**Exercise**
Write out a word-for-word repetition of the lines that come before the line containing "The Adya Cushion" in the listing below, along with that line itself, omitting pictures.

======== Extracted records ========

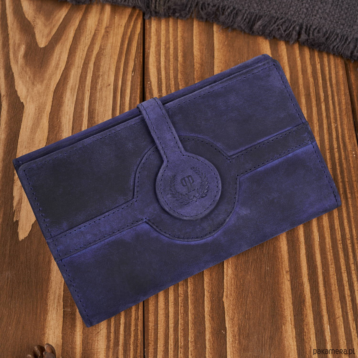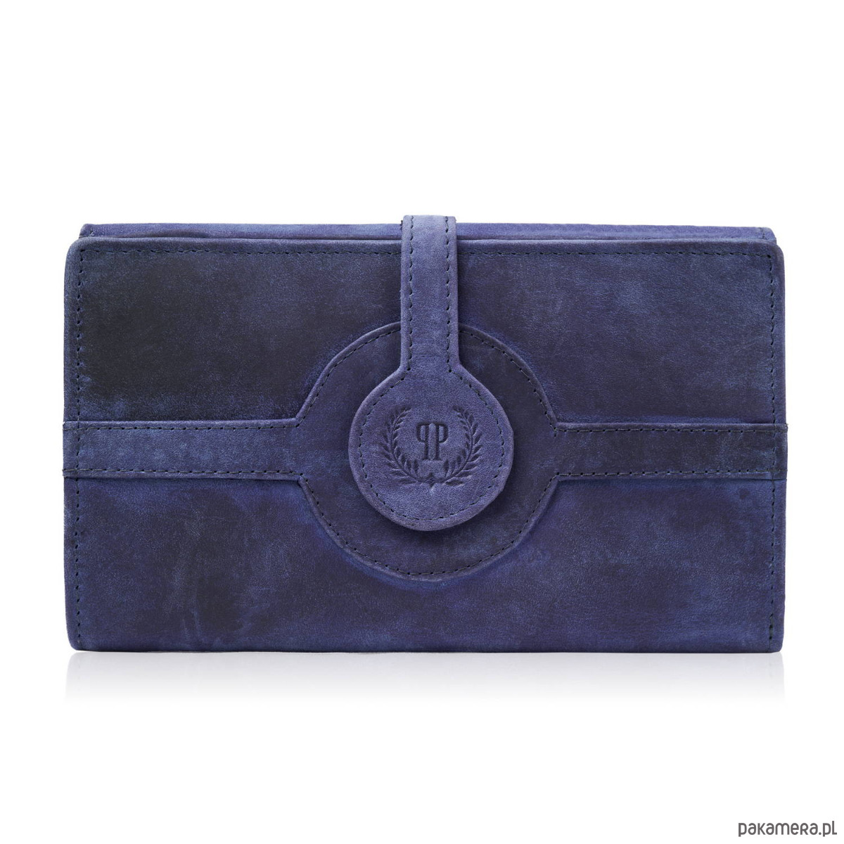 PORTFEL DAMSKI DUŻY SKÓRZANY VINTAGE GRANATOWY PAOLO PERUZZI T-134-HDB
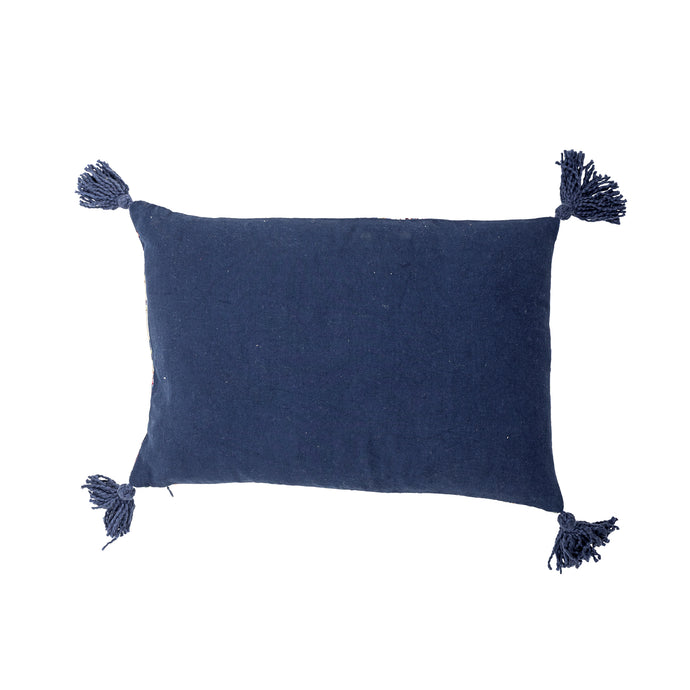 The Adya Cushion by Creative Collection features a rich, detailed pattern in deep blue, green, and golden tones. The design depicts peacocks and flowers in a symmetrical layout, and each corner is finished with a dark blue tassel that adds a decorative touch.
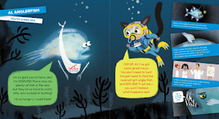 The facts and the illustrations really work together in this book. I think the information could have been a little advanced for Margo, but the clever illustrations help make the facts easier to understand. Plus, my sister loves how bright and vibrant the pictures are throughout the book. There are lots of details and humor involved in the illustrations, which helps me to remember the information, and they make my sister laugh out loud. She can't get over a fish wearing a bib and having a fork and knife. I have to admit, the words and the pictures make the book fun and informative. The sidebars on the sides of each page add extra facts and scientific terms, which I really soaked up.
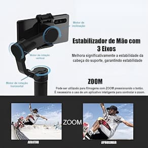 Equipado com um sistema de 3 eixos, ele oferece: - Movimento Horizontal Pan : de -70 a 260, possibilitando capturas panorâmicas amplas. - Movimento Vertical Roll : de -80 a 260, ajustando o ângulo do dispositivo. - Inclinação Tilt : de -75 a 285, perfeita para criar composições dinâmicas em diferentes ângulos.
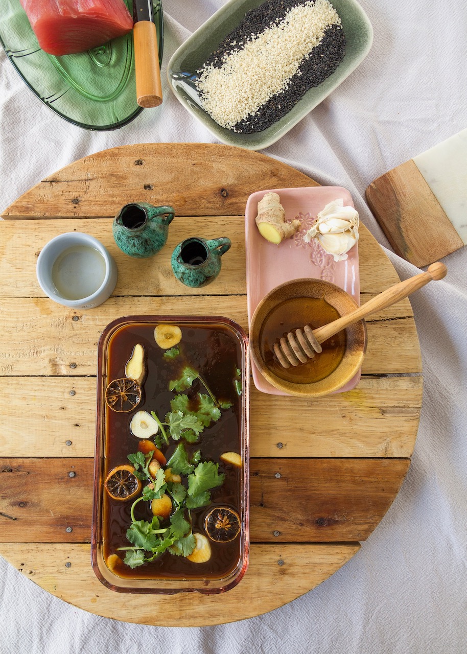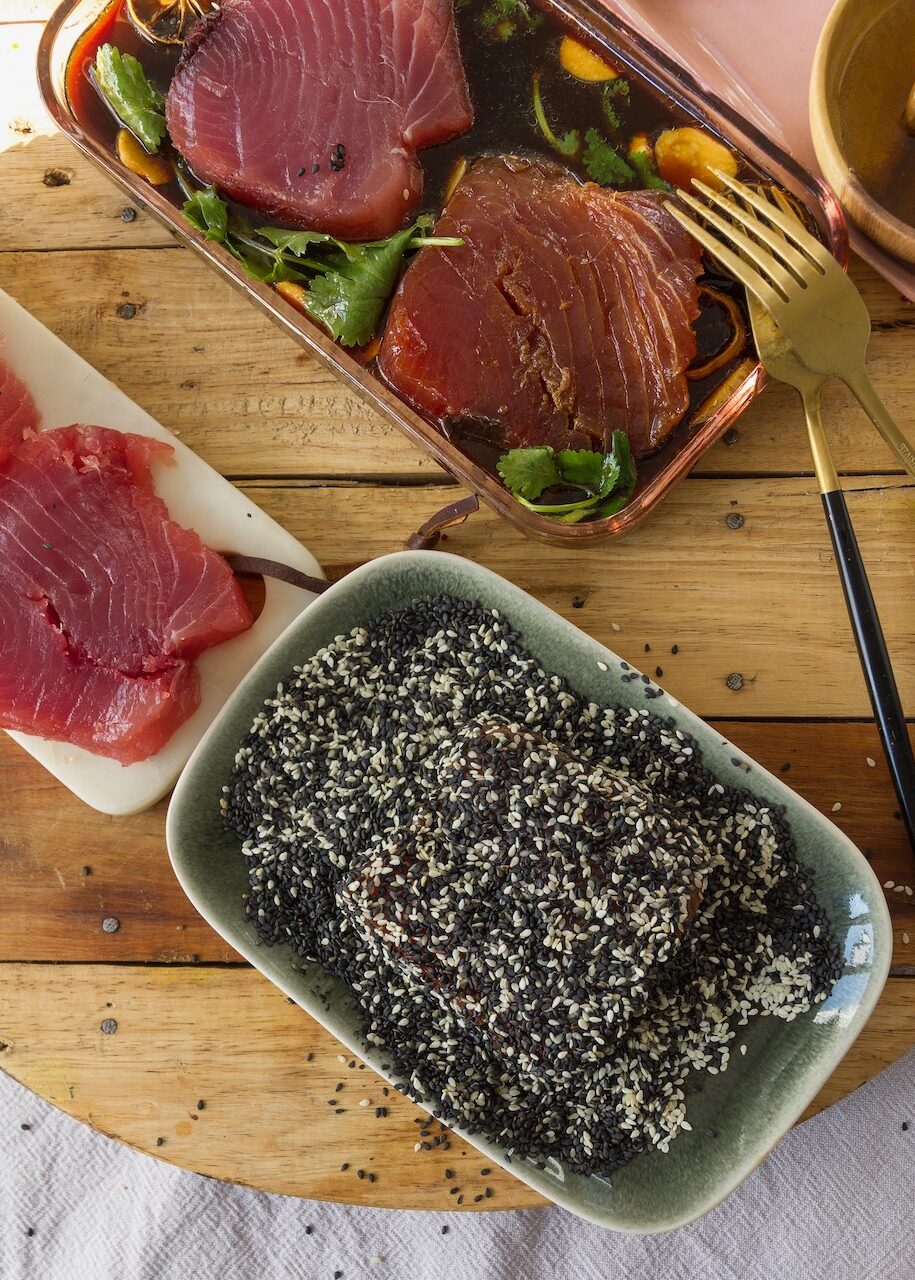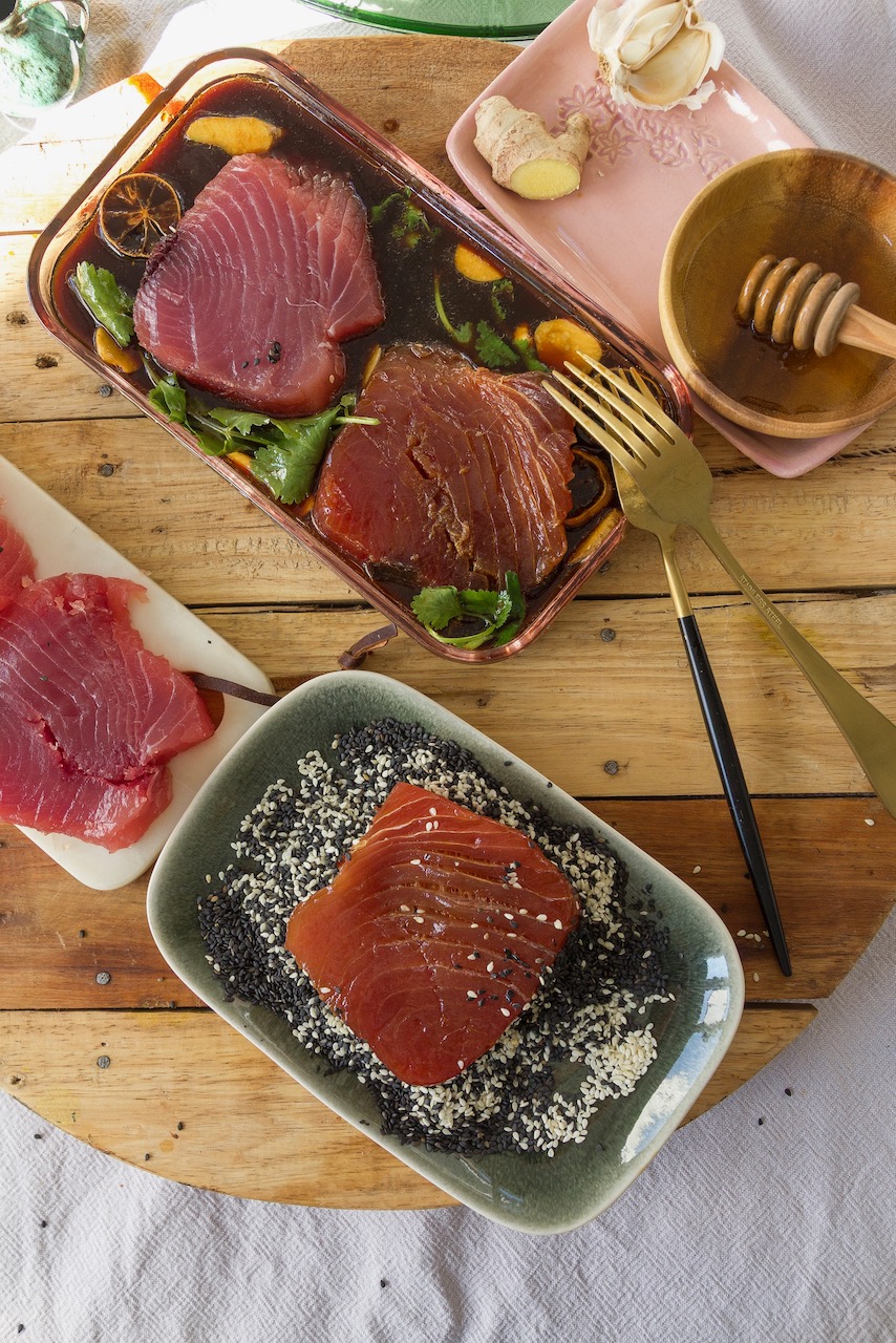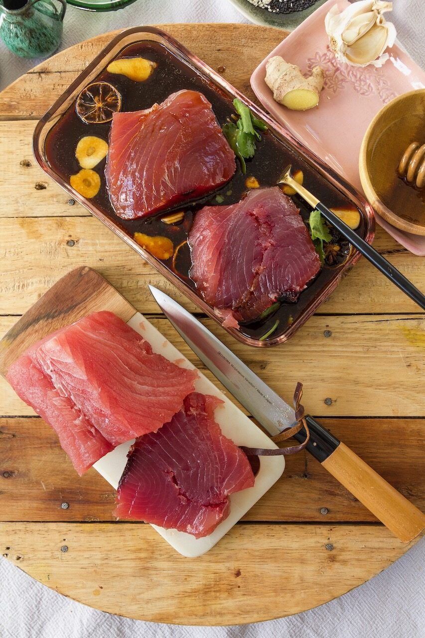 Mische alle Zutaten für die Marinade und lege die Thunfischfilets für 15 Minuten hinein. Wende sie zwischendurch, damit sie das Aroma rundum aufnehmen.

========

**Response**
 PORTFEL DAMSKI DUŻY SKÓRZANY VINTAGE GRANATOWY PAOLO PERUZZI T-134-HDB
 The Adya Cushion by Creative Collection features a rich, detailed pattern in deep blue, green, and golden tones. The design depicts peacocks and flowers in a symmetrical layout, and each corner is finished with a dark blue tassel that adds a decorative touch.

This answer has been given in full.